* _The problem_: The records below must be output exactly, with no images carried over.

(Extracted data entries)
::::

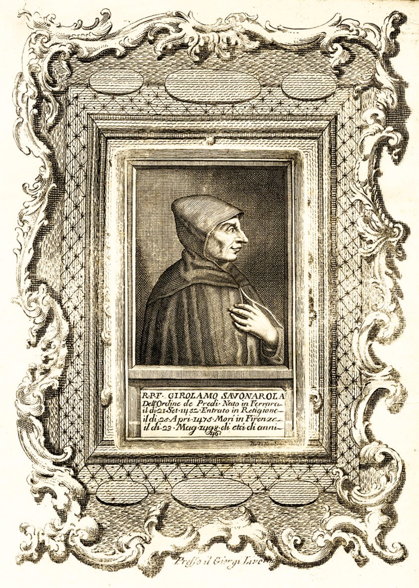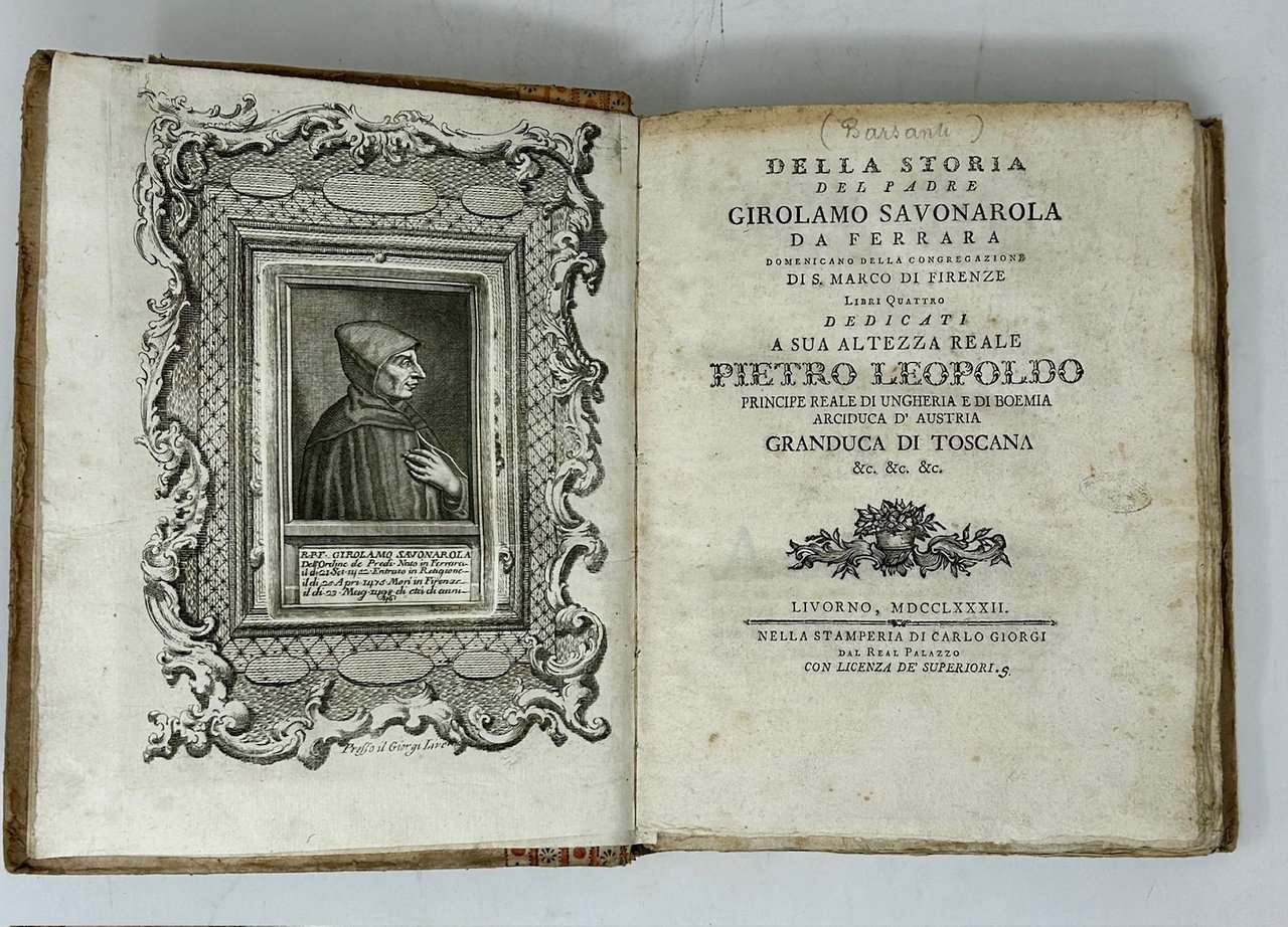 >in-4 (260x200), pp. XXIV, 345, (3, ultimo f. bianco), legatura in cartone rustico coevo, titolo ms. su tassello cartaceo al dorso. Bell' antiporta fig.inc.in rame con ritratto del Savonarola entro elaborata bordura. Prima edizione di quest'opera scritta dal Barsanti con il preciso intento di sostenere la riforma dei costumi in chiave giansenista intrapresa dalla repubblica fiorentina. La dedica a Pietro Leopoldo e la scelta del tema, per cui il Savonarola viene dipinto come la vittima delle persecuzioni della curia romana, palesano tale intento. Tuttavia l'opera rimase per anni la più accurata biografia sul frate, rivestendo una non secondaria importanza storiografica. Il Barsanti fiorì nella seconda metà del XVIII secolo, fu professore di teologia e vestì l'abito domenicano. Ottimo esemplare con barbe di opera rara e curiosa. Melzi, III, 103.
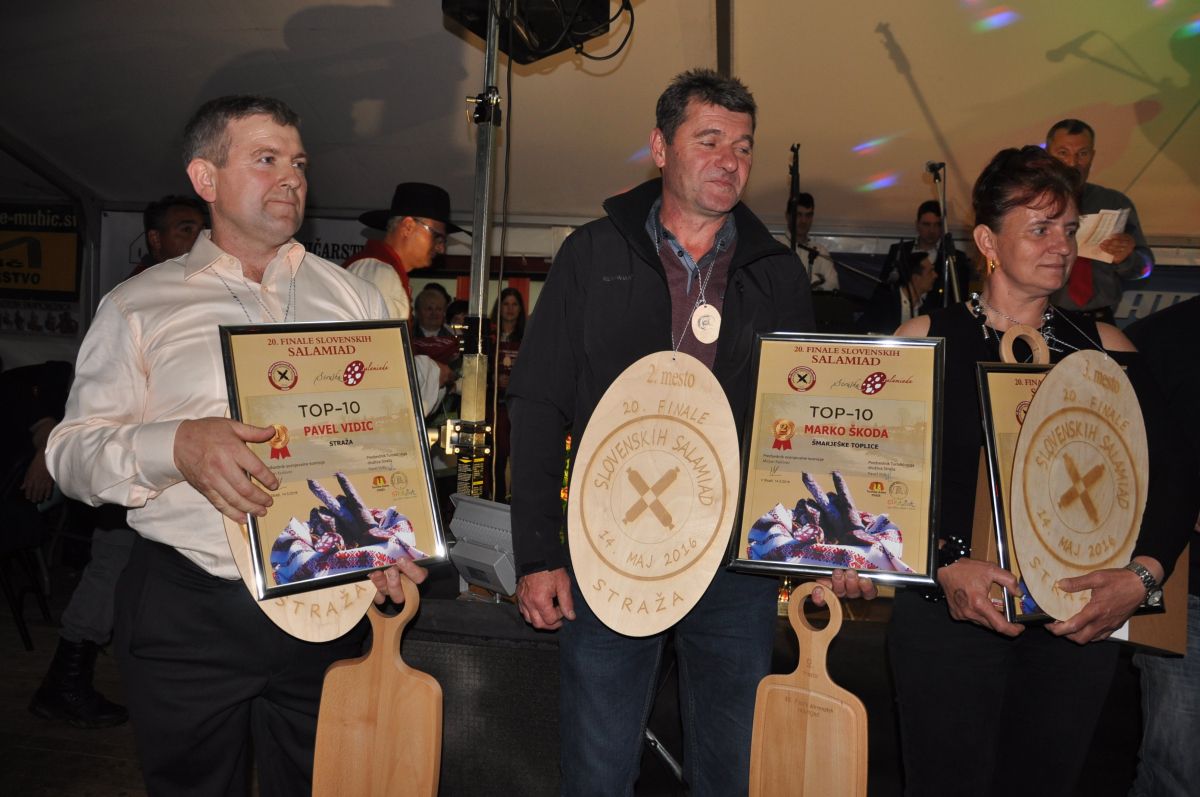 Po odlični glasbi je sledila svečana razglasitev rezultatov in podelitev priznanj najboljšim desetim salamarjem. Najboljšo salamo je po prepričanju strokovne komisije izdelal domačin Pavle Vidic, sicer tudi predsednik Turističnega društva Straža, ki je bil glavni organizator prireditve. Salama Pavla Vidica, ki je postal državni prvak, je prejela oceno 52,7 točke. Na drugo mesto se je uvrstil Marko Škoda iz Šmarjeških Toplic z oceno 52,5, tretji je bil Janez Majcen iz Šmarij pri Jelšah, ocena 51,7. Prvi trije salamarji so prejeli tudi pokale.
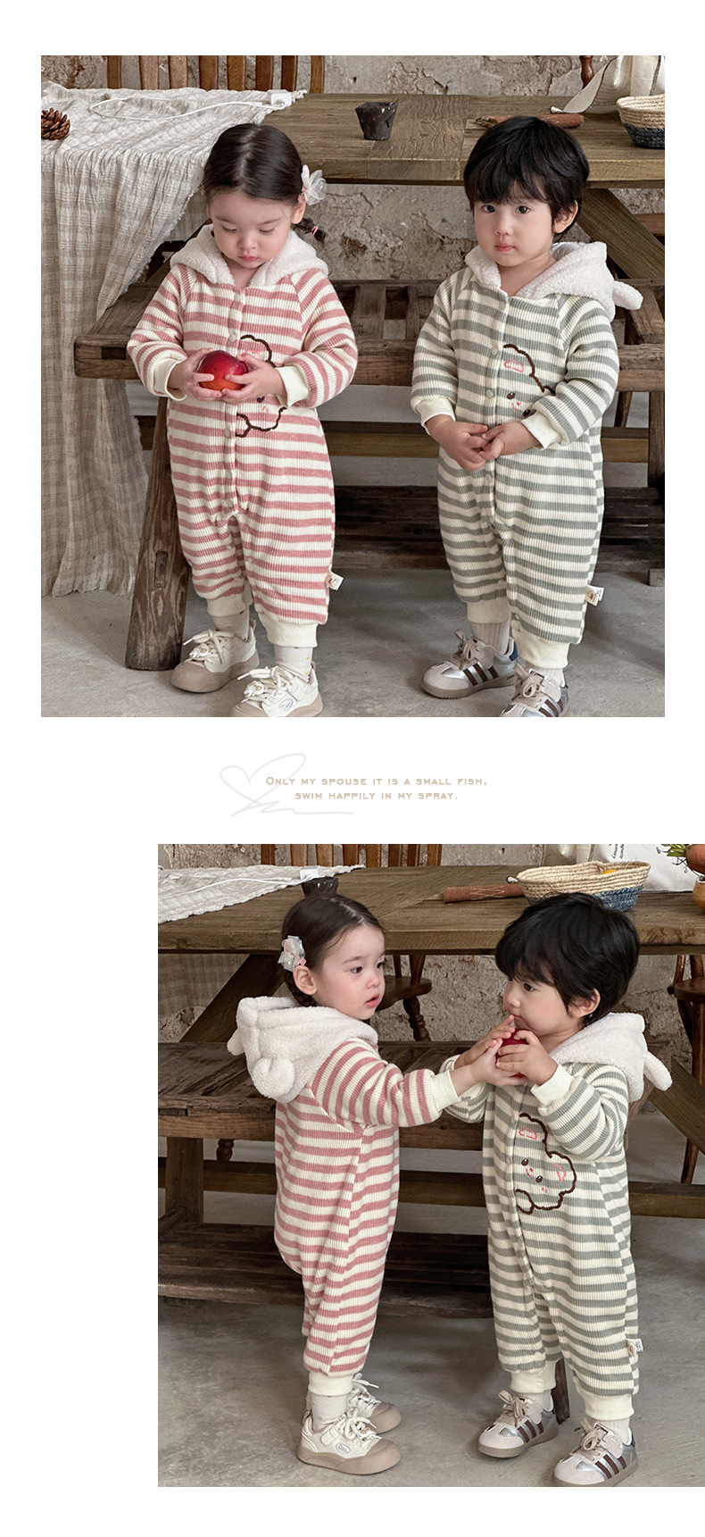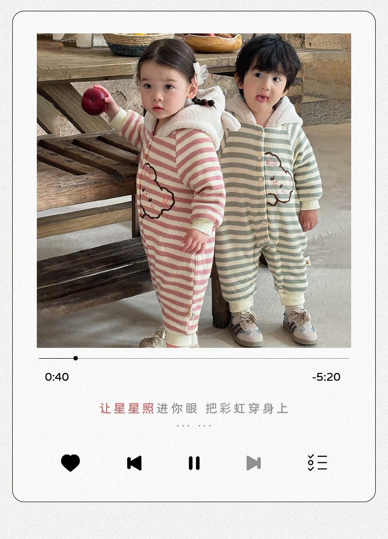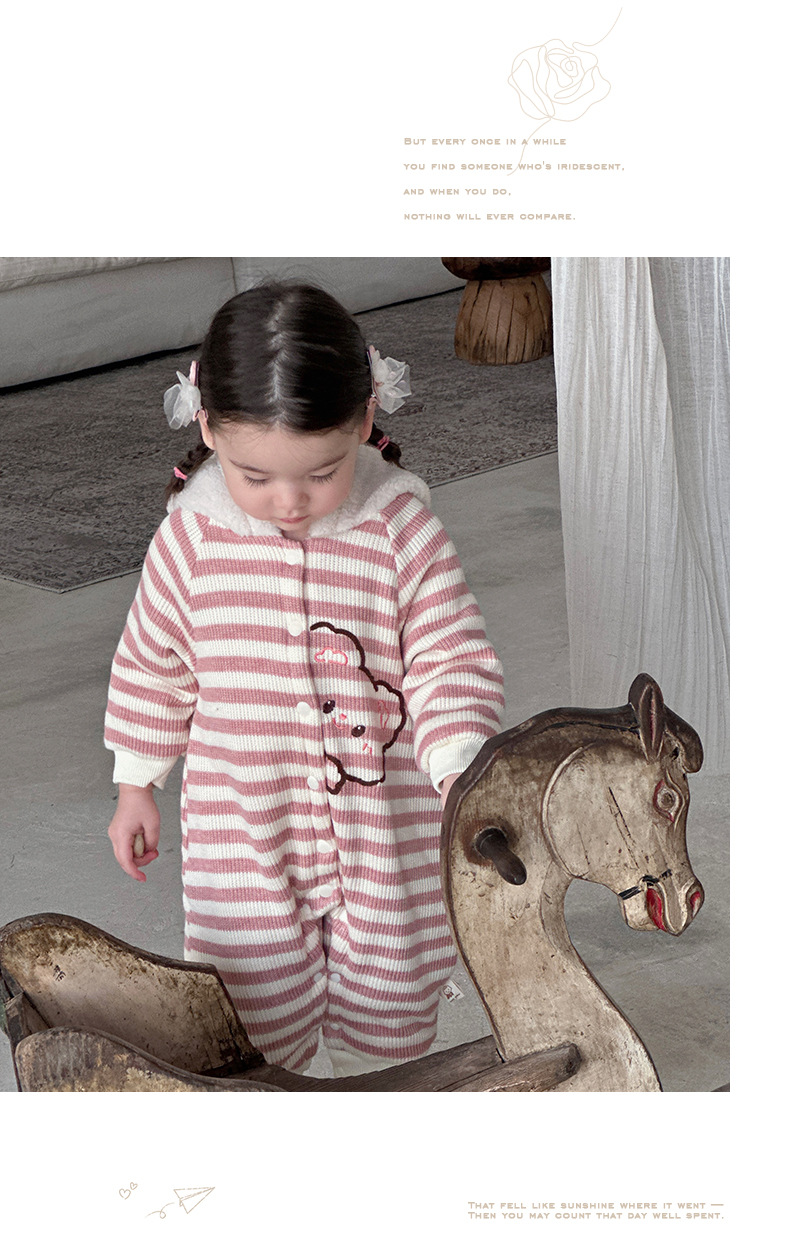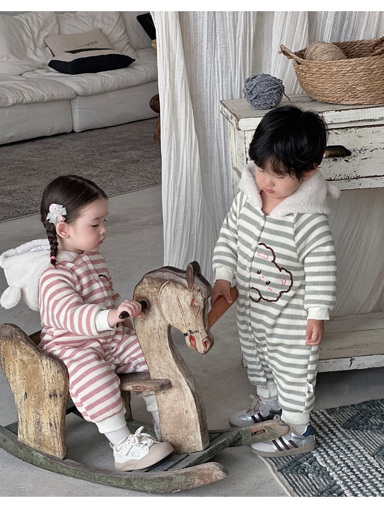 Ropa de bebé otoño e invierno oso a rayas mono clip de bebé escalada de algodón ropa de invierno super lindo y grueso cálido mameluco
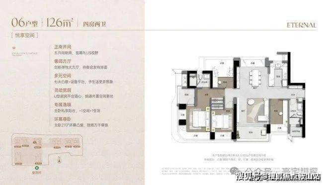 126m²的4房2厅2卫,竖厅南北通透格局,客厅3.9米开间,客餐厅分离化设计,五开间朝南,主卧套房270°环幕凸窗+私享阳台,七大凸窗+设备平台U型厨房,卫生间干湿分离。阳台正南朝向看皇岗公园,得房率75.9%(不含赠送,套内面积95.64㎡)。
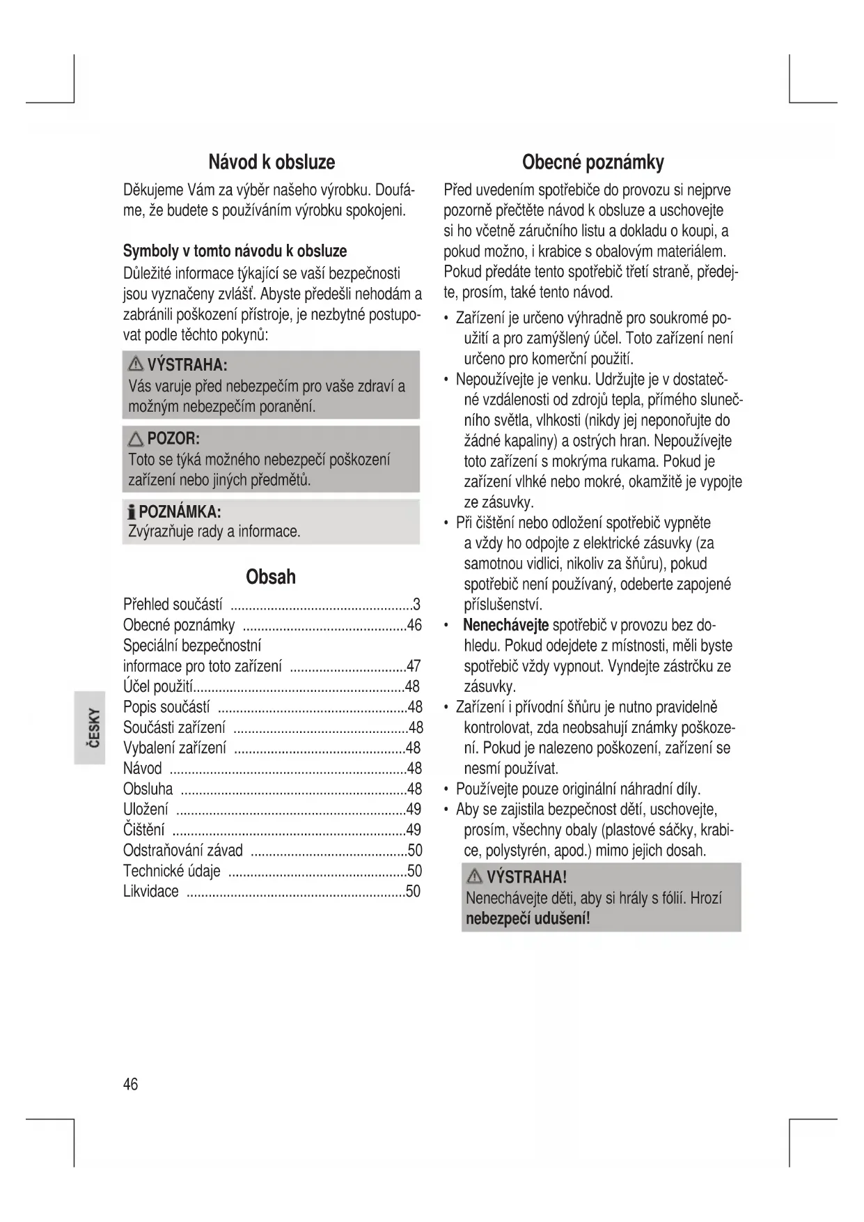 - Nezkousejte opravovat spotbrebič sami. Vždy se obratte na oprav-něho technika. Abyste se nevystavili nebezpeci, vždy si nechte poskozenou šnūru vyměnit pouze vyrobcem, našim zákaznickým servisem nebo kvalifikovanou osobou, a to za šnūru stejného typu.

::::

* _Response to this exercise_:
 >in-4 (260x200), pp. XXIV, 345, (3, ultimo f. bianco), legatura in cartone rustico coevo, titolo ms. su tassello cartaceo al dorso. Bell' antiporta fig.inc.in rame con ritratto del Savonarola entro elaborata bordura. Prima edizione di quest'opera scritta dal Barsanti con il preciso intento di sostenere la riforma dei costumi in chiave giansenista intrapresa dalla repubblica fiorentina. La dedica a Pietro Leopoldo e la scelta del tema, per cui il Savonarola viene dipinto come la vittima delle persecuzioni della curia romana, palesano tale intento. Tuttavia l'opera rimase per anni la più accurata biografia sul frate, rivestendo una non secondaria importanza storiografica. Il Barsanti fiorì nella seconda metà del XVIII secolo, fu professore di teologia e vestì l'abito domenicano. Ottimo esemplare con barbe di opera rara e curiosa. Melzi, III, 103.
 Po odlični glasbi je sledila svečana razglasitev rezultatov in podelitev priznanj najboljšim desetim salamarjem. Najboljšo salamo je po prepričanju strokovne komisije izdelal domačin Pavle Vidic, sicer tudi predsednik Turističnega društva Straža, ki je bil glavni organizator prireditve. Salama Pavla Vidica, ki je postal državni prvak, je prejela oceno 52,7 točke. Na drugo mesto se je uvrstil Marko Škoda iz Šmarjeških Toplic z oceno 52,5, tretji je bil Janez Majcen iz Šmarij pri Jelšah, ocena 51,7. Prvi trije salamarji so prejeli tudi pokale.
 Ropa de bebé otoño e invierno oso a rayas mono clip de bebé escalada de algodón ropa de invierno super lindo y grueso cálido mameluco
 126m²的4房2厅2卫,竖厅南北通透格局,客厅3.9米开间,客餐厅分离化设计,五开间朝南,主卧套房270°环幕凸窗+私享阳台,七大凸窗+设备平台U型厨房,卫生间干湿分离。阳台正南朝向看皇岗公园,得房率75.9%(不含赠送,套内面积95.64㎡)。
 - Nezkousejte opravovat spotbrebič sami. Vždy se obratte na oprav-něho technika. Abyste se nevystavili nebezpeci, vždy si nechte poskozenou šnūru vyměnit pouze vyrobcem, našim zákaznickým servisem nebo kvalifikovanou osobou, a to za šnūru stejného typu.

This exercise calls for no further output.